‘The 20th century Church of England created new bishoprics as fast as it lost congregations,’ says Sir Simon Jenkins, a sympathetic observer of England’s religious panoply. The idea of multiplying custodians of the Gospel in sync with a decline in the numbers of Christian believers would have appealed to Lewis Carroll, clergyman and fantasist, inventor of the mad hatter’s tea-party, mathematician who had a way with words. Truly, we are never very far away from Wonderland.
This imbalance is not peculiar to the C of E, of course. We are ever ready to enlarge the House of Lords. The fewer ships, the more admirals is the rule in the Royal Navy. The fewer squaddies, the more generals is the rule in the Army. Hierarchies are not the only group congenitally prone to inflation. The same is true of experts. We may very well say that an expert is an ordinary person a long way from home or that experts know more and more about less and less. Bureaucrats along with experts will reasonably point out that a world of social media, of benefits and qualifications, must needs have people to look after the machinery and keep it maintained and lubricated.
As a media friend of mine said when his diocese set up a new archdeaconry, Satan must have trembled at this latest threat to his composure. The English Dean of Chicago cathedral, Dominic Barrington, has in the last few days expressed his misgivings about the centralising and inflationary trend in the UK branch of the Anglican Communion just as Bishop Gerald Ellison was doing back in the sixties. But then, we live in an age of centralism. That requires regulators, inspectors and managers. Country people will instantly declare that life may well be much more complicated these days but pigs don’t grow big by being weighed.

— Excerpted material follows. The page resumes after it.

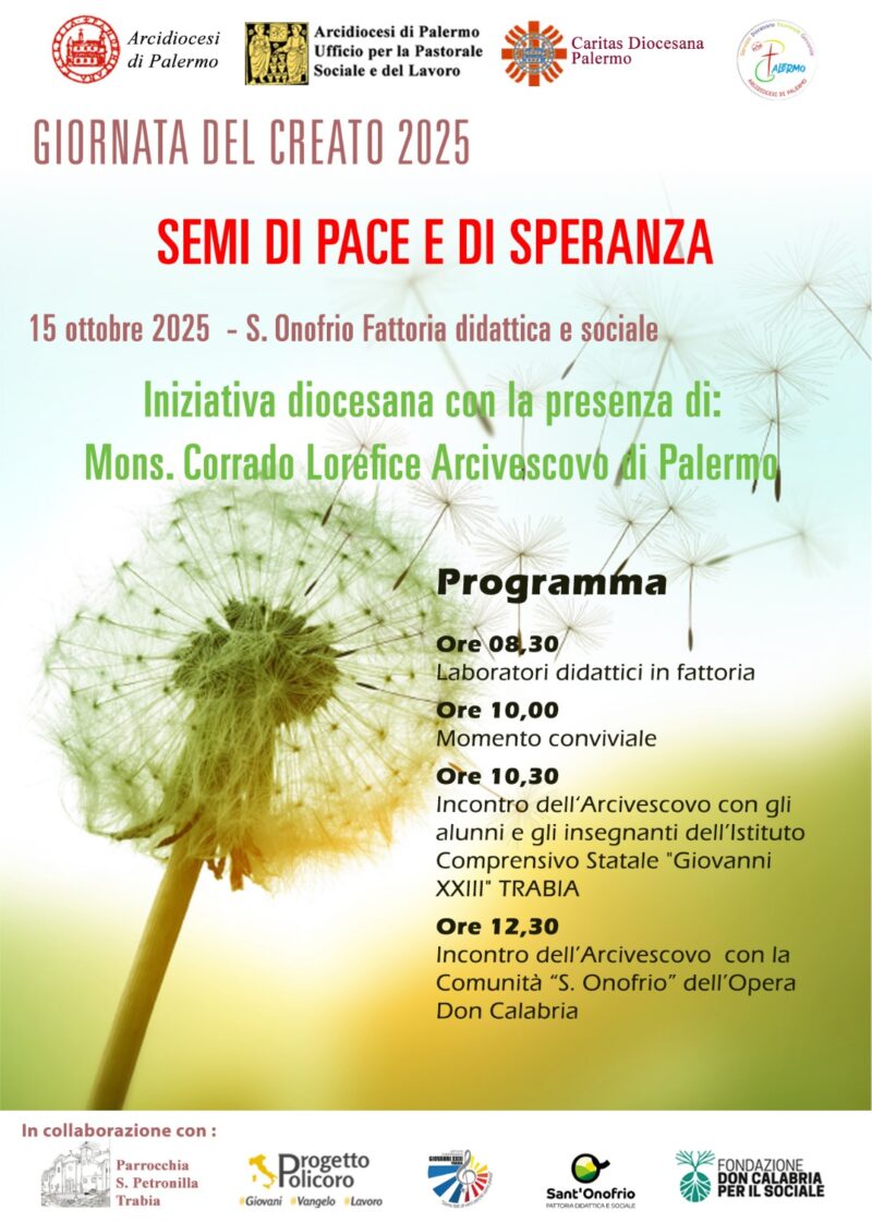 Il prossimo 15 ottobre si celebra la Giornata diocesana del Creato che avrà come tema “Semi di pace e di speranza”: sarà il momento di sintesi del lungo cammino del Tempo del Creato 2025, un itinerario promosso dall’Ufficio diocesano per la Pastorale Sociale e del Lavoro, dalla Caritas Diocesana e dal Servizio diocesano per la Pastorale Giovanile in collaborazione con la Parrocchia S. Petronilla di Trabia, con il Progetto Policoro, con la Fattoria didattica e sociale Sant’Onofrio, con la Fondazione Don Calabria e con l’Istituto Comprensivo Giovanni XXIII di Trabia.

We can take lessons from supermarkets, as well as the lilies of the field. Jumbo-sized grocers are always sensitive to the butterfly habits of customers. They know that when numbers fall something has to be done. This is a matter of urgency. Customer needs must be identified. Changes must be made. The marketing strategy must be amended. But, aside from urgency, what is appropriate to a supermarket is not necessarily the best way forward for an institution conveying a message. The loss of congregations is at best disconcerting and at worst, overwhelming. It can prove to be the elephant in the room when the Church is giving thought to its responsibilities. We must, however, be true to our commission. We are not at liberty to trim the message or its vehicle to make it palatable.